- Limpertsberg is one of 24 districts in Luxembourg City
- Coordinates: 49°37′15″N 6°07′18″E﻿ / ﻿49.62083°N 6.12167°E
- Country: Luxembourg
- Commune: Luxembourg City

Area
- • Total: 1.5707 km^{2} (0.6065 sq mi)

Population (31 December 2025)
- • Total: 11,593
- • Density: 7,380.8/km^{2} (19,116/sq mi)

Nationality
- • Luxembourgish: 29.06%
- • Other: 70.94%
- Website: Limpertsberg

= Limpertsberg =

Limpertsberg (Lampertsbierg, /lb/) is a district in north-western Luxembourg City, in the centre of Luxembourg.

As of 31 December 2025, Limpertsberg had a population of about 11,593 inhabitants.

== Overview ==
In the south, on the border with the main city is the Glacis, a large open air parking lot which hosts the annual Schueberfouer fair, the largest fair in the country.

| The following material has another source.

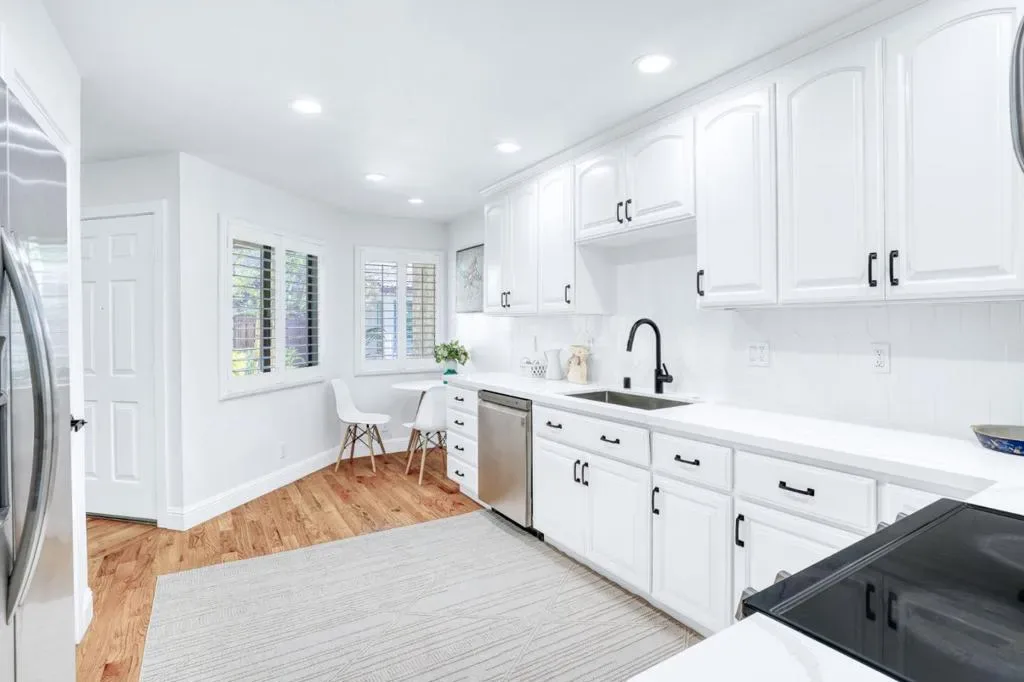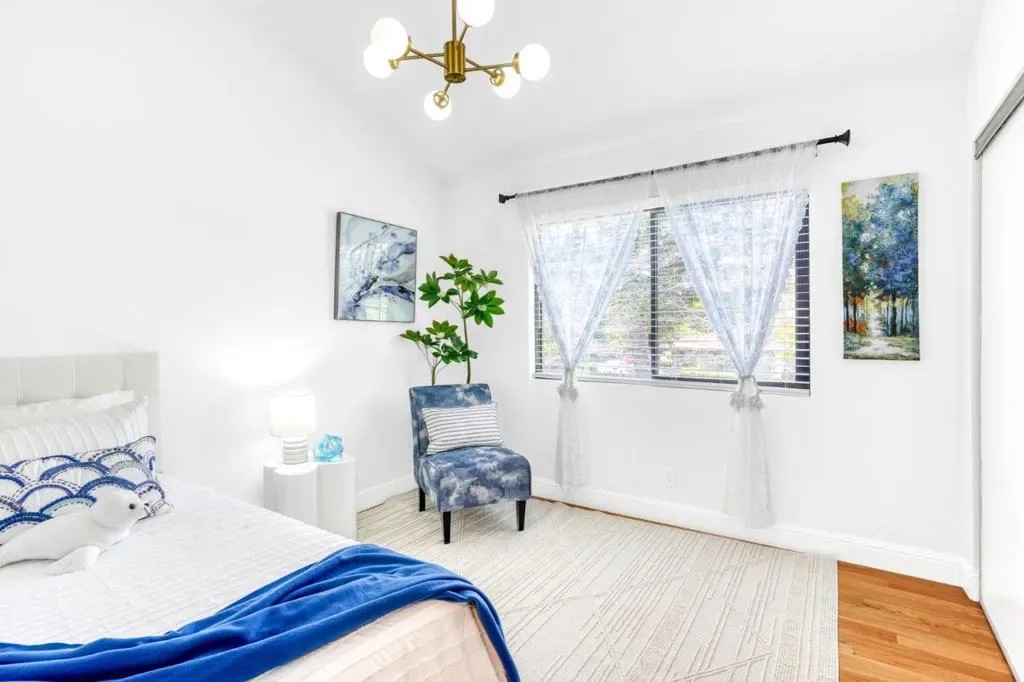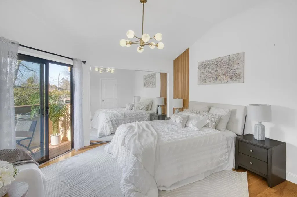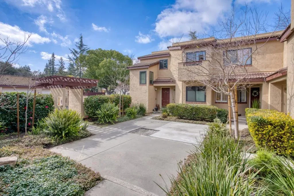 This stylish, majorly remodeled two-story townhome is truly move-in ready. Ideally situated on a desirable corner setting, the home enjoys open, unobstructed views and exceptional natural light. The living and dining areas are filled with sunlight from two high windows and two sliding glass doors. A surprisingly spacious kitchen and open living and dining areas come together in a modern floor plan. The well-designed two-story layout adds everyday ease and functionality. Sliding doors open to a private backyard, creating seamless indoor-outdoor living. Upstairs offers three light-filled bedrooms, all with vaulted ceilings. Soaring ceilings enhance both levels. The primary suite features vaulted ceilings, a spacious closet, and sliding doors opening to a private balcony. The remodeled kitchen features quartz countertops, quality brand appliances, and a side-by-side washer and dryer. Additional highlights include 2.5 renovated bathrooms, central AC, hardwood flooring, recessed LED lighting throughout, and a fashionable chandelier. The property includes a one-car garage plus a dedicated parking space. Extremely convenient transportation and a top-tier school district Mountain View High.
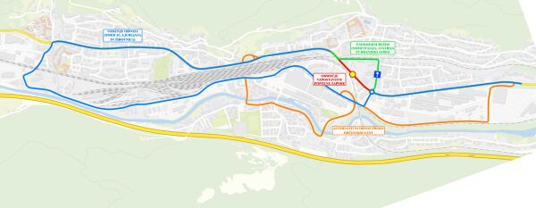 - Promet v smeri proti Italiji, Avstriji in Kranjski Gori bo preusmerjen na občinski cesti po Delavski ulici (LC 152311) in Ulici Viktorja Kejžarja (LC 152141), kjer bo urejen enosmerni režim.

Next to the Glacis is the Grand Théâtre de Luxembourg.

Limpertsberg's Notre-Dame Cemetery has a Monument de la résistance et de la déportation (Monument of the national resistance and deportation). The cemetery features the bronze sculpture of The Political Prisoner by Luxembourg's best-known sculptor Lucien Wercollier. The Limpertsberg bronze is one of three casts of the sculpture, with the other two at the Musée national de la résistance (National Resistance Museum) in Esch-sur-Alzette and the National Monument to the Resistance and to the Deportation at Notre-Dame cemetery in Luxembourg City.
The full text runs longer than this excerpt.